- Exercise data
------------

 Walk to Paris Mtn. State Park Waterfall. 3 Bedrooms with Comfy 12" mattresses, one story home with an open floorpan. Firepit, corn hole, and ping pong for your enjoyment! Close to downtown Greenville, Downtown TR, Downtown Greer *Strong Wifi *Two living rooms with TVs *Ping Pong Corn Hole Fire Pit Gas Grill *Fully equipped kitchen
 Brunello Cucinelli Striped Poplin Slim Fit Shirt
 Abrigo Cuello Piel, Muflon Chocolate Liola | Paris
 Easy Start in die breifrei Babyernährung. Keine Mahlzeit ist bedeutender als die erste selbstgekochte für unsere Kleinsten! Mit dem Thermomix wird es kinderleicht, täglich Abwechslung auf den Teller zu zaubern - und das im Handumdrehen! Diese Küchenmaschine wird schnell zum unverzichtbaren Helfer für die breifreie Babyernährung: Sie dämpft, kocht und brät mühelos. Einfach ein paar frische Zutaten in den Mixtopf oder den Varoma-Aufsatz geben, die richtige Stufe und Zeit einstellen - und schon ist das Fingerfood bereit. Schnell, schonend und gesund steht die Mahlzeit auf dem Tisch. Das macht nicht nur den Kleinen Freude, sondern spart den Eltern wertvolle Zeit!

------------

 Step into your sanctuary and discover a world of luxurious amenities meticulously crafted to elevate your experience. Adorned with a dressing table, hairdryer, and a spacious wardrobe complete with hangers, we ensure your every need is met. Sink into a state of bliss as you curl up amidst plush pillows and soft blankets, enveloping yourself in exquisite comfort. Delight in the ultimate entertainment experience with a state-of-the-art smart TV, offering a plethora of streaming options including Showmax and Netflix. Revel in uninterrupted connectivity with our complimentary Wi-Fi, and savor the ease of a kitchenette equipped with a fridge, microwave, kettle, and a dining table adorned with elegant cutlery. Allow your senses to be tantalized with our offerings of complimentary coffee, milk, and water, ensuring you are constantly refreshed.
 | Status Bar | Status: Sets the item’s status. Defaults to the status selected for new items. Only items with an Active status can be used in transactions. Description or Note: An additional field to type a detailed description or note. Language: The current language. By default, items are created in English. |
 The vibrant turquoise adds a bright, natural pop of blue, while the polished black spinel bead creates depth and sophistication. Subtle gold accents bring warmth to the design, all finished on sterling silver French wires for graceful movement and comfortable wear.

------------

- Brief
Lines of the listing above that contain the word "Paris" must all be copied.

- Task output
 Walk to Paris Mtn. State Park Waterfall. 3 Bedrooms with Comfy 12" mattresses, one story home with an open floorpan. Firepit, corn hole, and ping pong for your enjoyment! Close to downtown Greenville, Downtown TR, Downtown Greer *Strong Wifi *Two living rooms with TVs *Ping Pong Corn Hole Fire Pit Gas Grill *Fully equipped kitchen
 Abrigo Cuello Piel, Muflon Chocolate Liola | Paris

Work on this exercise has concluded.